Increasingly, Substack is tolerating and funding extreme trans-eliminationist rhetoric: They host Jesse Singal, a high-profile supporter of anti-trans conversion therapy who is also widely known to fixate on and stalk trans women in and around the media industry. I would list Jesse’s targets, but at this point, I don’t know a trans woman in media who doesn’t have a story. Graham Lineham is a transphobic bigot so extreme and abhorrent that he’s been permanently banned from Twitter, Medium, and basically every platform but the one I’m using to talk to you right now. He reportedly considers Substack a major source of income. -Jude Doyle
Reminder: this was all happening in 2021, before Substack raised $65M additional dollars, and before Elon Musk bought Twitter and the current Substack influx happened. We all knew. There were numerous high profile posts and articles about it.
So I have a choice to make, a choice that neither I nor any gender-marginalized person should ever have to make: Either I walk away from a necessary income stream and creative outlet, or I stay and allow my work to fund abuse, harassment, misogyny, and a movement that wants trans people silenced, impoverished, invisible and dead. -Jude Doyle
So back in 2021, trans and feminist authors like like Sarah Gailey, and Annalee Newitz moved to other platforms, such as Ghost.io (like Jude Doyle) and Buttondown, which is the platform I ultimately chose.
And Substack's leadership have made it clear that they are totally fine with how things are.
Substack didn't just hold firm, it doubled down. When Netflix got slammed for a Dave Chappelle comedy special with transphobic material, Best declared at a Wall Street Journal conference, “Dave, if you’re listening, come to Substack.” —Vanity Fair
Carr, McKenzie’s former PandoDaily editor, shared a series of emails he exchanged with McKenzie last year after Carr discontinued his Substack. “I get the free speech argument but there has to be a line. Surely,” Carr wrote. “I think you’ve hit upon the dilemma that’s at the center of everything right now: anti-vaxxing, violent sedition, abortion, gun control, trans rights and of course tech. At what point does someone’s right to free speech outweigh another’s right to live without fearing for their lives? At what point do people like you and me have a moral responsibility to protect the vulnerable from violent bullies?” —Vanity Fair
I realized I couldn't in good conscience put my (free) labor into something that benefited an organization that harmed vulnerable people as a business practice and editorial policy.
I've been trying out Buttondown for the past year, and one thing I really appreciate about the platform is that their business model is oriented around providing value.

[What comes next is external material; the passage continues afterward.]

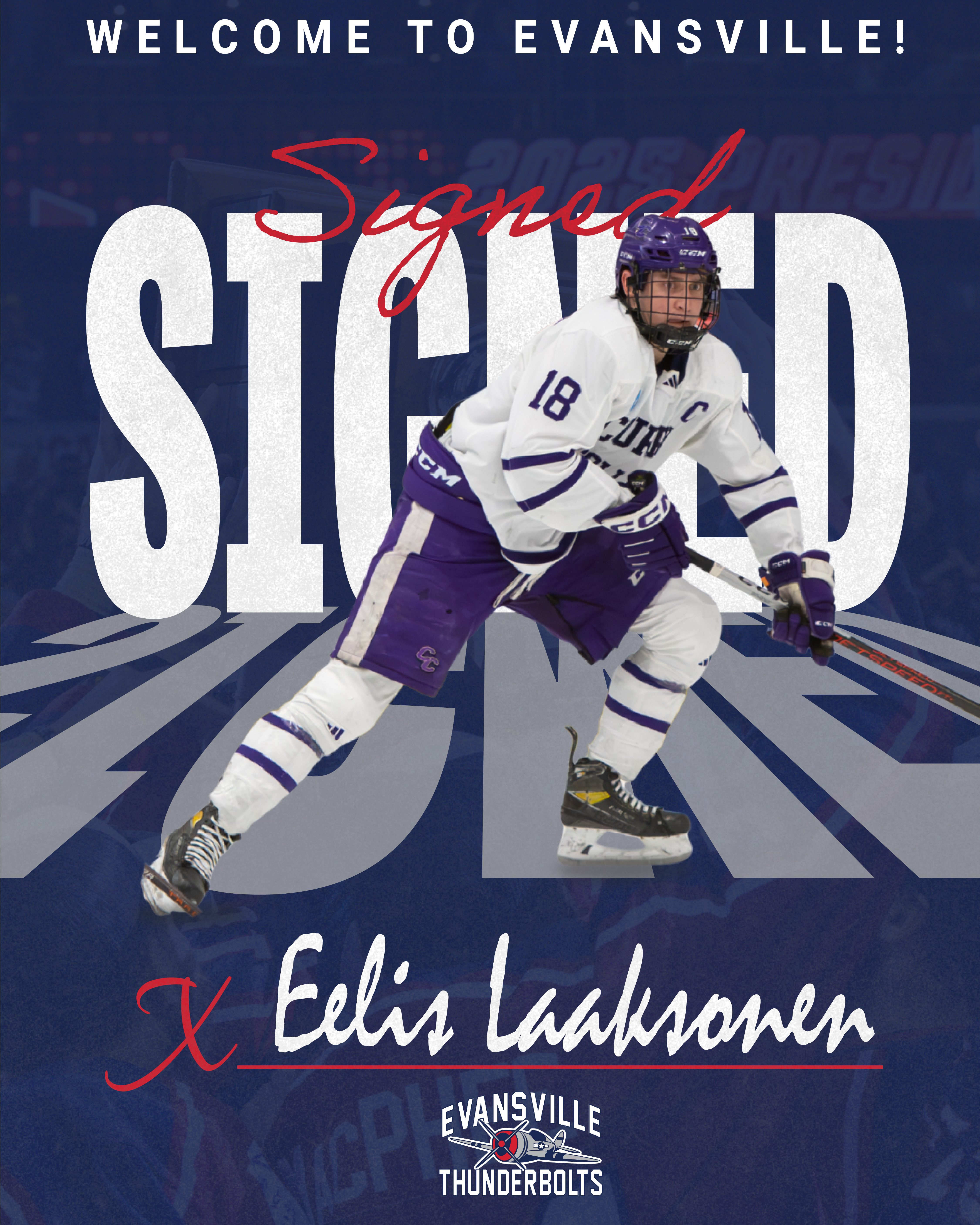 Evansville, In.: The Evansville Thunderbolts and Head Coach/Director of Hockey Operations Jeff Bes are pleased to announce the signing of forward Eelis Laaksonen for the 2025-26 season. The...

I can't find the exact quote anymore, since Buttondown has upgraded a lot since I started using it, but when I began, there was a quote on the pricing page about why they use a flat fee rather than taking a percentage of newsletter subscriptions, and the gist was that charging for the service aligns their incentives the right way, so they continue providing a good service to the people who use it. Substack's incentives are definitely tilted toward bringing on and highlighting people whose words are likely to go viral, which means some inflammatory rhetoric is good for business.
Buttondown is not as slick as Substack, but I'm not looking for slick, I'm looking for the best platform that fits my needs at the intersection of functional and ethical.